武富健治『鈴木先生』(1)
宝島社の「このマンガがすごい」の上位の作品の中で、唯一名前すら知らなかった作品。イカンなぁ、と思いつつ読んでみました。
生徒に人気の中学校教師鈴木先生が、学校で起こる問題に姿を描いた作品。
給食中に周囲を不快にさせる言動をとる生徒。良くできた生徒だと思われていた彼がなぜそんな行動に走ったのかを追う「げりみそ」
給食の不人気メニュー「酢豚」。それが献立から消えてしまうことに対して一人の女生徒が声を上げたことから、学校全体でアンケートを取ることになった――という「酢豚」
小学四年生の女の子をレイプした、とその子親から訴えられた男子生徒。しかし二人は合意の上で――という「教育的指導」
以上の三編を収録。
理想に燃える熱血漢でもなければ、湿っぽい人情家でもない鈴木先生のキャラクターが実にいい。

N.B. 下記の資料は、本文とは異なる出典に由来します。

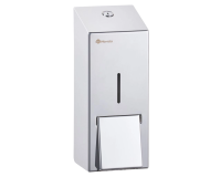 Корпус выполнен из нержавеющей стали AISI 304 с полированной поверхностью, толщиной 1 мм. Конструкция антивандальная: прочный барабанный замок заподлицо с поверхностью, сварные соединения боковых стенок зашлифованы. Предусмотрено контрольное окно для отслеживания уровня средства. Установка настенная.

起こった問題に対して問題の原因は何なのか、そしてそれに対して自分はどうすることが効果的なのか、そしてそれは生徒達にどう受け取られるのか、を考えて真摯に生徒達と接し、きれい事だけで済ませない鈴木先生の言葉と行動には実に説得力があります。
その言葉を導き出すまでに悩み、思考しまくる先生が実に人間くさくてまた良いなあ。
教え子相手に性的なものを感じてしまう部分も含めて。